## WHAT IS NEEDED:
The full listing is to be transcribed exactly, with each picture left out.

## GIVEN DATA:
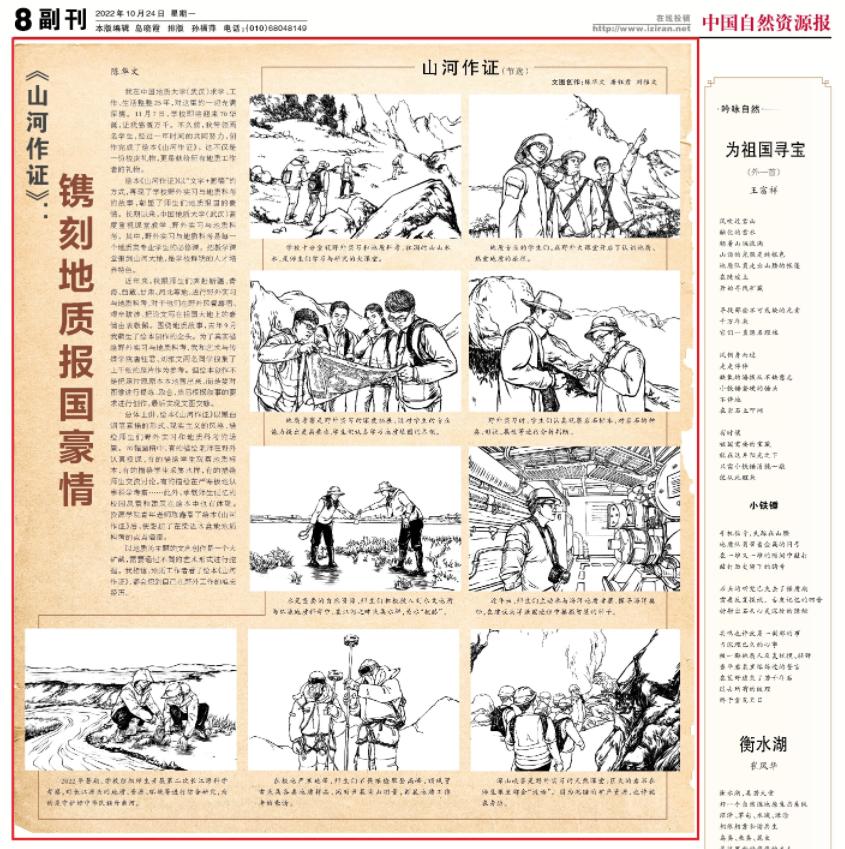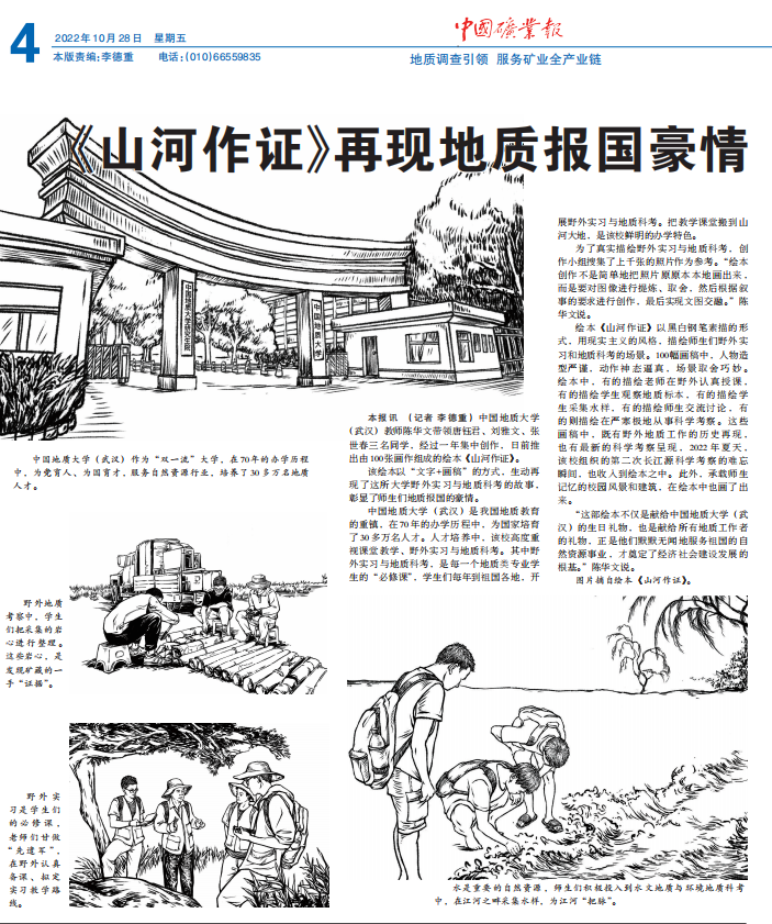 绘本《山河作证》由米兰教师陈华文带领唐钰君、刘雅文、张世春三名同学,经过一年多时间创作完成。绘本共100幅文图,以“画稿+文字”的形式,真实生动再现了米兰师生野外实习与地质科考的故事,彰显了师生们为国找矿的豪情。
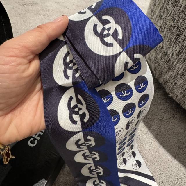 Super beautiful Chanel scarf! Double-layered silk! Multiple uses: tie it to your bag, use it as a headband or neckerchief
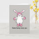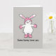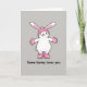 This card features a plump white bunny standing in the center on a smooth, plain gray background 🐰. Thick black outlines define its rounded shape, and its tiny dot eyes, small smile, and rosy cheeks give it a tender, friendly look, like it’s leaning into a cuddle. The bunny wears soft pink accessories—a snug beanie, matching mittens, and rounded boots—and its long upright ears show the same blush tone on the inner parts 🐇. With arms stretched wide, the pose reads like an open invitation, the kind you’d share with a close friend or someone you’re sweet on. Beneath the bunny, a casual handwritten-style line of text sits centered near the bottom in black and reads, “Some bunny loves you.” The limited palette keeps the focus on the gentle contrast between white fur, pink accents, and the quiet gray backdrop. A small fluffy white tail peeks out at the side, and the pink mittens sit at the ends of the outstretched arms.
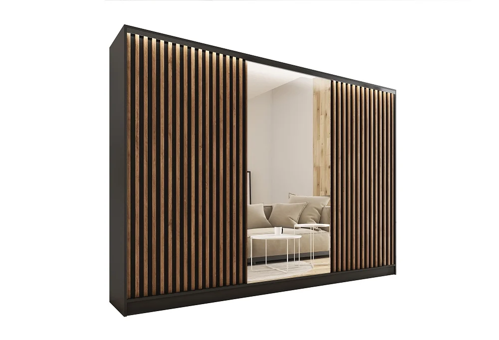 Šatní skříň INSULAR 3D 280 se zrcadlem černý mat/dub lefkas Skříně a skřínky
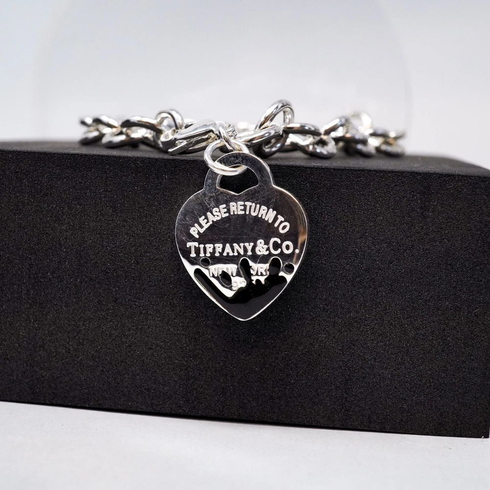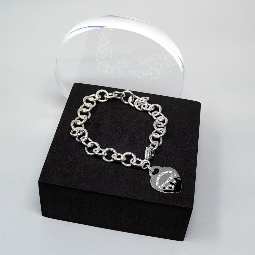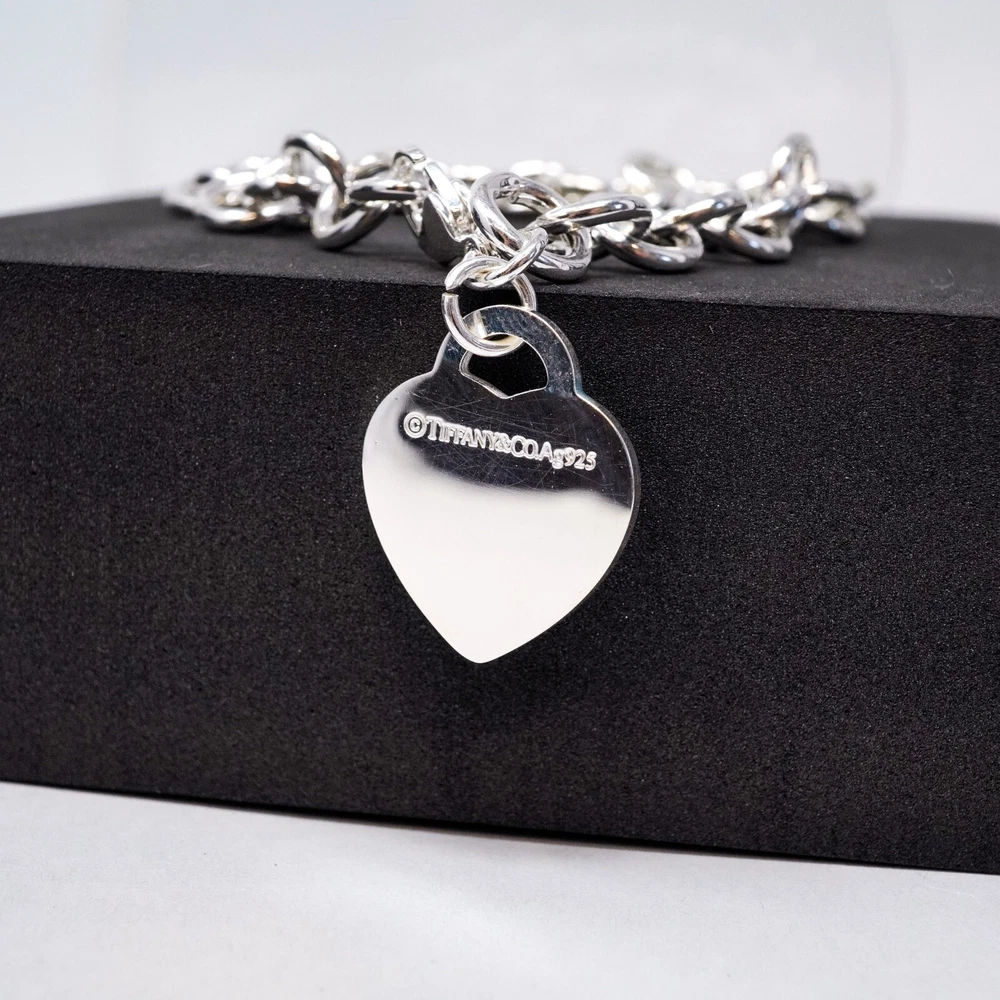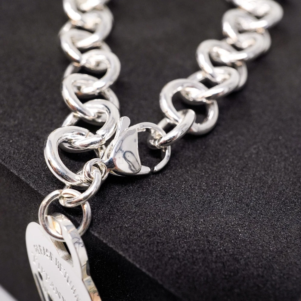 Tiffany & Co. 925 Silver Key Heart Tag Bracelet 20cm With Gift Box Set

## REPLY TO THE TASK:
 绘本《山河作证》由米兰教师陈华文带领唐钰君、刘雅文、张世春三名同学,经过一年多时间创作完成。绘本共100幅文图,以“画稿+文字”的形式,真实生动再现了米兰师生野外实习与地质科考的故事,彰显了师生们为国找矿的豪情。
 Super beautiful Chanel scarf! Double-layered silk! Multiple uses: tie it to your bag, use it as a headband or neckerchief
 This card features a plump white bunny standing in the center on a smooth, plain gray background 🐰. Thick black outlines define its rounded shape, and its tiny dot eyes, small smile, and rosy cheeks give it a tender, friendly look, like it’s leaning into a cuddle. The bunny wears soft pink accessories—a snug beanie, matching mittens, and rounded boots—and its long upright ears show the same blush tone on the inner parts 🐇. With arms stretched wide, the pose reads like an open invitation, the kind you’d share with a close friend or someone you’re sweet on. Beneath the bunny, a casual handwritten-style line of text sits centered near the bottom in black and reads, “Some bunny loves you.” The limited palette keeps the focus on the gentle contrast between white fur, pink accents, and the quiet gray backdrop. A small fluffy white tail peeks out at the side, and the pink mittens sit at the ends of the outstretched arms.
 Šatní skříň INSULAR 3D 280 se zrcadlem černý mat/dub lefkas Skříně a skřínky
 Tiffany & Co. 925 Silver Key Heart Tag Bracelet 20cm With Gift Box Set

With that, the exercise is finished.